Exercises

Time series data and patterns

Exercise 1

The pedestrian dataset contains hourly pedestrian counts from 2015-01-01 to 2016-12-31 at 4 sensors in the city of Melbourne.

The data is shown below:

# A tibble: 66,037 × 5
   Sensor         Date_Time           Date        Time Count
   <chr>          <dttm>              <date>     <int> <int>
 1 Birrarung Marr 2015-01-01 00:00:00 2015-01-01     0  1630
 2 Birrarung Marr 2015-01-01 01:00:00 2015-01-01     1   826
 3 Birrarung Marr 2015-01-01 02:00:00 2015-01-01     2   567
 4 Birrarung Marr 2015-01-01 03:00:00 2015-01-01     3   264
 5 Birrarung Marr 2015-01-01 04:00:00 2015-01-01     4   139
 6 Birrarung Marr 2015-01-01 05:00:00 2015-01-01     5    77
 7 Birrarung Marr 2015-01-01 06:00:00 2015-01-01     6    44
 8 Birrarung Marr 2015-01-01 07:00:00 2015-01-01     7    56
 9 Birrarung Marr 2015-01-01 08:00:00 2015-01-01     8   113
10 Birrarung Marr 2015-01-01 09:00:00 2015-01-01     9   166
# ℹ 66,027 more rows

Your turn!

Identify the index variable, key variable(s), and measured variable(s) of this dataset.

Hint

The index variable contains the complete time information
The key variable(s) identify each time series
The measured variable(s) are what you want to explore/forecast.

`index` variable

`key` variable(s)

measured variable(s)

Exercise 2

The aus_accommodation dataset contains quarterly data on Australian tourist accommodation from short-term non-residential accommodation with 15 or more rooms, 1998 Q1 - 2016 Q2.

The units of the measured variables are as follows:

Takings are in millions of Australian dollars
Occupancy is a percentage of rooms occupied
CPI is an index with value 100 in 2012 Q1.

Your turn!

Complete the code to convert this dataset into a tsibble.

Exercise 3

Temporal granularity

The previous exercise produced a dataset with daily frequency - although clearly the data is quarterly!

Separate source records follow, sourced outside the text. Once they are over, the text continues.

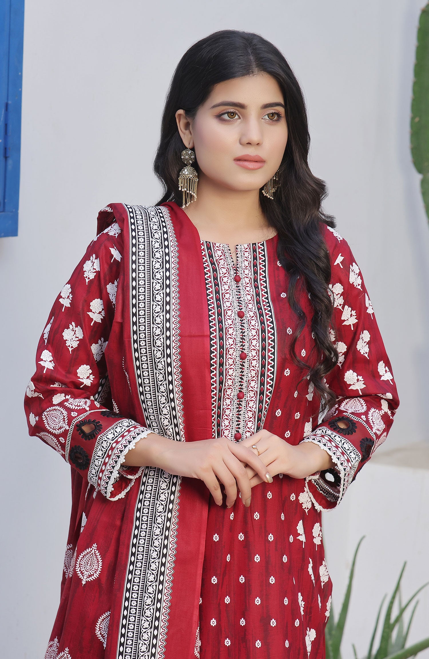 Amna Khadija Embroidered Crinkle Chiffon Unstitched 3 Piece Suit - D-01 - AM25LXC - Red - Formals Collection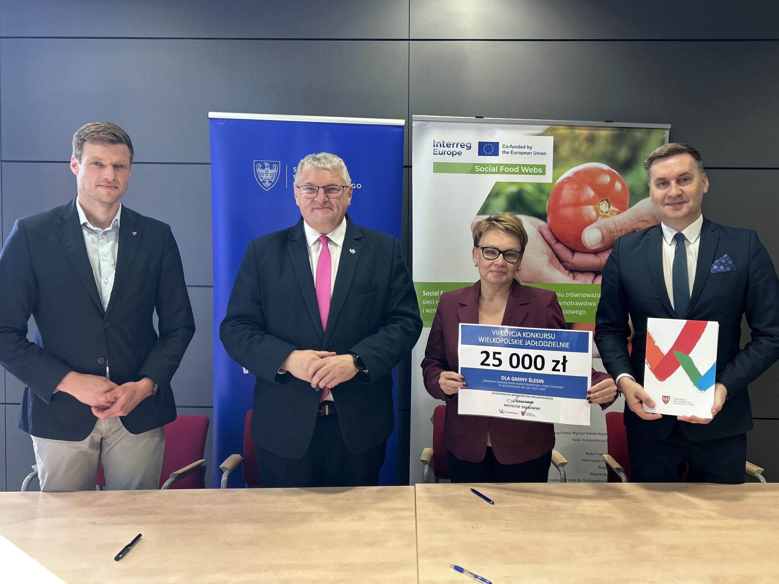 24 kwietnia 2026 r. w siedzibie Urzędu Marszałkowskiego w Poznaniu, Wicemarszałek Województwa Wielkopolskiego Krzysztof Grabowski podpisał umowę z włodarzami trzech gmin – Ireneuszem Augustyniakiem, Wójtem Gminy Malanów; Januszem Piechockim, Burmistrzem Miasta i Gminy Margonin; Piotrem Maciejewskim, Burmistrzem Miasta i Gminy Ślesin – które w wyniku rozstrzygnięcia konkursu otrzymają wparcie finansowe na cel otwarcia jadłodzielni.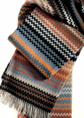 This wool blend Missoni Humbert color T60 throw and pillow features a blend of colors, including grey, brown, black and orange in a zig zag pattern. Made of 87% wool and 13% polyamide.

This is because we are using a daily granularity which is inappropriate for this data.

Common temporal granularities can be created with these functions:

Granularity	Function
Annual	`as.integer()`
Quarterly	`yearquarter()`
Monthly	`yearmonth()`
Weekly	`yearweek()`
Daily	`as_date()`, `ymd()`
Sub-daily	`as_datetime()`

Your turn!

Use the appropriate granularity for the aus_accommodation dataset, and verify that the frequency is now quarterly.

Exercise 4

The tourism dataset contains the quarterly overnight trips from 1998 Q1 to 2016 Q4 across Australia.

It is disaggregated by 3 key variables:

State: States and territories of Australia
Region: The tourism regions are formed through the aggregation of Statistical Local Areas (SLAs) which are defined by the various State and Territory tourism authorities according to their research and marketing needs
Purpose: Stopover purpose of visit: “Holiday”, “Visiting friends and relatives”, “Business”, “Other reason”.

Your turn!

Calculate the total quarterly tourists visiting Victoria from the tourism dataset.

Tidy tools

To achieve this we will use functions from dplyr.

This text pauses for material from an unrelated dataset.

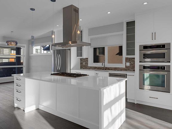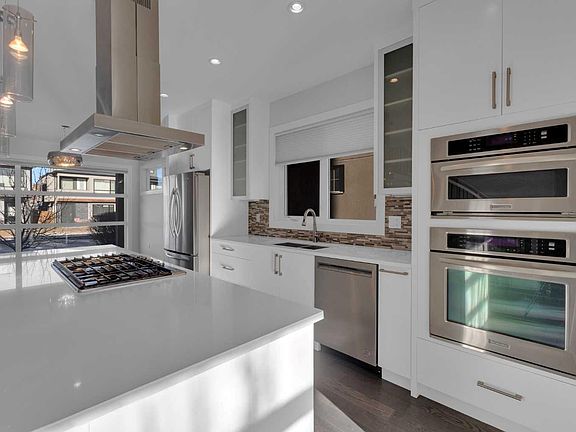 Welcome to Richmond/Knob Hill! This beautifully finished home offers 4 bedrooms, 3.5 bathrooms, a thoughtful layout, and a fully developed basement—truly a standout property. The bright, open-concept main floor features 9-foot ceilings, hardwood floors, and oversized windows that fill the space with natural light. The tiled front entry includes a spacious closet with French doors and custom organizers (no wire shelving in this house!), leading into a generous living room perfect for entertaining or settling in for a movie night. The chef-inspired kitchen boasts quartz countertops, a large island, ceiling-height cabinetry, a gas cooktop, built-in wall oven and microwave, and a pantry with custom shelving. It flows seamlessly into the dining area, which comfortably seats eight and is anchored by a gas fireplace with built-ins and a south-facing window. A discreetly positioned 2-piece powder room and a mud room with French door closet and additional built-ins complete the main level. Upstairs, an extra-wide staircase and skylight create an inviting transition to the second floor, where you'll find 9-foot ceilings and an ideal layout. The private primary suite overlooks the backyard and includes a spacious 5-piece ensuite with dual vanities, a deep soaker tub, an oversized shower, and a dreamy walk-in closet with extensive built-ins. Two additional large bedrooms sit at the opposite end of the home, each with built-in closets, large windows, and a shared balcony complete with soffit lighting. A 4-piece bathroom with quartz countertop and a dedicated laundry room with soft-close cabinetry complete this level. The basement feels anything but below-grade, thanks to large windows and cozy in-floor heat. The rec room offers a great space for family time and includes a well-appointed wet bar. A fourth bedroom with two windows and a huge walk-in closet sits next to a full 4-piece bathroom. Additional highlights include a linen closet, ample storage, and an exceptionally tidy utility room. Outside, the sunny south facing backyard features a lovely deck and leads to a detached double garage (insulated and drywalled). *BONUS - central vac rough-in, sump pump, freshly painted, professionally cleaned and move-in ready!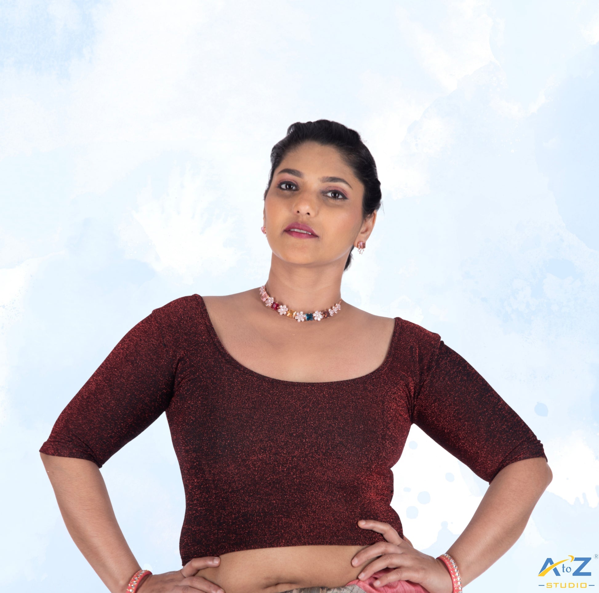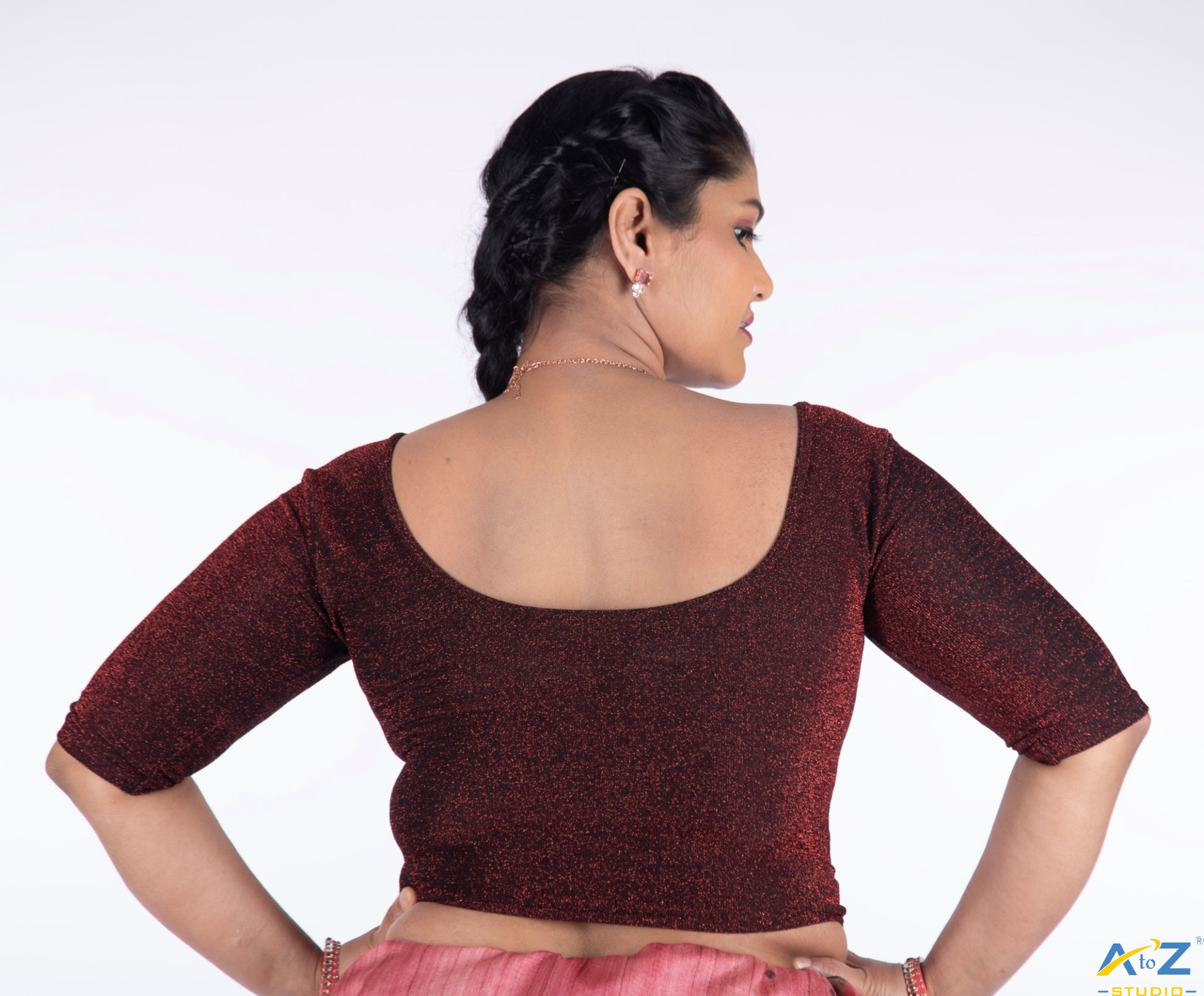 Maroon Metallic Lycra defines elegance in this blouse with shiny round neck, stylish elbow sleeves, and a sleek metallic finish.

Use filter() to keep only data where the State is "Victoria".
Use summarise() to calculate the total trips in Victoria, regardless of Region and Purpose.

Bonus task

If you finish early, try also using group_by() to find the quarterly trips to Victoria for each Purpose.

Exercise 5

Visualise and describe the temporal patterns of visitors to Victoria in the tourism dataset.

Your turn

Use autoplot() to produce a time plot of the visitors to Victoria, and describe the temporal patterns.

Overall trend

Seasonality

Cycles

Your turn

Use gg_season() to take a closer look at the shape of the seasonal pattern.

At what time of year is the seasonal peak and trough?

Seasonal peak

The seasonal maximum is:

Seasonal trough

The seasonal minimum is:

Your turn

Use gg_subseries() to see if the seasonal shape changes over time.

Changing seasonality

Is the seasonal pattern changing over time?

Your turn

Use ACF() |> autoplot() to look at the autocorrelations.

Can you identify the trend and seasonality in this plot?

Bonus task

If you have extra time, repeat the above time series exploration for each Purpose of travel to Victoria. Do the patterns vary by purpose of travel?

Modelling and forecasting

Exercise 6

Earlier we used visualisation to identify temporal patterns with visitors to Victoria in the tourism dataset. Now we’ll use this to specify, estimate, and forecast the data!

Your turn!

Specify all simple forecasting models for the total number of tourists arriving in Victoria.

Estimate them with model() and produce forecasts for the next 5 years with forecast().

Plot the forecasts, and visually evaluate their suitability.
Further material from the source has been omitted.